Der Kaffeeverbrauch der Erde ist in beständigem Steigen begriffen. Weitaus am meisten Kaffee wird in Amerika erzeugt und getrunken. Von der jährlich auf der ganzen Erde hervorgebrachten Menge von gegen einer Milliarde kg Kaffeebohnen erzeugt Brasilien gegen 700 Millionen kg und das übrige Südamerika, namentlich Venezuela und Kolumbia, gegen 60 Millionen kg. Zentralamerika baut ebenfalls viel Kaffee an und seine Produktion beläuft sich auf etwa 100 Millionen kg. Gegenüber dieser Kaffeeproduktion Amerikas ist die in Ostindien und Java geerntete Kaffeemenge eine verschwindend kleine; sie beläuft sich nämlich auf nur etwa 40 Millionen kg. Erzeugt nun Amerika den meisten Kaffee, so liefert Abessinien, die Heimat dieser Kulturpflanze, immer noch den besten Kaffee. Dieses äthiopische Produkt wird nach der Somaliküste gebracht und dort von indischen Händlern aufgekauft. Aus der Landschaft Yemen in Südarabien stammt der arabische Kaffee, von seinem früheren Exporthafen auch Mokka genannt, der aber leider nicht zu uns kommt, da er in Persien, Vorderasien und Ägypten aufgebraucht wird. Unser gewöhnlicher „Mokka“ ist nichts als ausgesuchter kleinbohniger Java- oder Ceylonkaffee, welche Produktionsorte mit Celebes, das den rötlichgelben großbohnigen Menadokaffee liefert, den besten zu uns gelangenden Kaffee erzeugen. In Frankreich wird besonders der von Manila exportierte ausgezeichnete Kaffee der Philippinen verbraucht. Hinter diesen südasiatischen Kaffeesorten steht der brasilianische und an Qualität rangieren in letzter Linie derjenige von Venezuela und Haiti. Meist zieht man hellgefärbte Sorten den dunkeln vor. Großbohnige, in Größe und Farbe gleichmäßige Sorten geben im allgemeinen die beste Garantie für völlige Reife, sorgfältige Behandlung und Sortierung.

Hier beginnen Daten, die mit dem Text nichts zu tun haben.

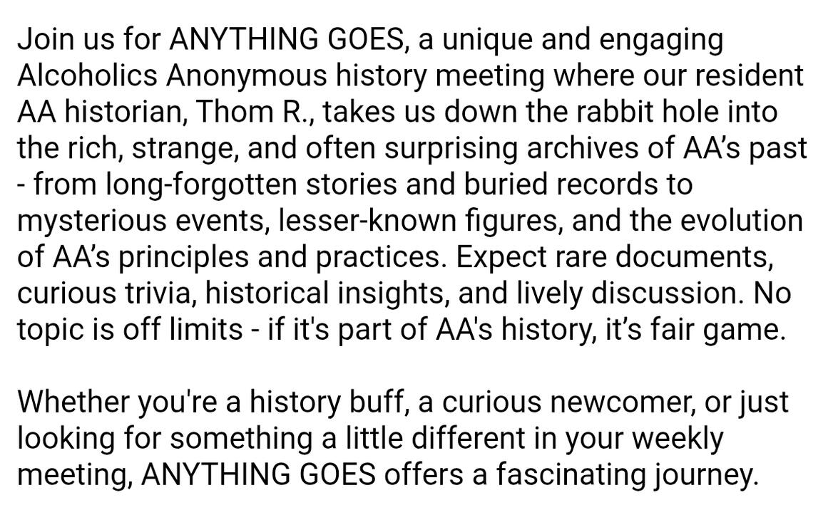The Largest Weekly A.A. Meeting in the World. Wednesday @ 10:15 pm Eastern

Nach den Vereinigten Staaten, die jährlich gegen 500 Millionen kg Kaffee verbrauchen, kommt Deutschland, das im letzten Jahre 189 Millionen kg Kaffee im Werte von 162 Millionen Mark einführte. Auf die Zahl der Einwohner berechnet verbraucht Holland weitaus am meisten Kaffee, nämlich 5,8 kg pro Jahr und Kopf der Bevölkerung. Ihm folgen die Vereinigten Staaten von Nordamerika mit 5,75 kg, Deutschland mit 3,12 kg, die Schweiz mit 2,98 kg, Frankreich mit 1,38 kg, England mit 0,45 kg und endlich Rußland mit 0,10 kg. Der Kaffeekonsum der beiden letztgenannten Länder ist nur deshalb so klein, weil dort an seiner Stelle um so mehr Tee getrunken wird.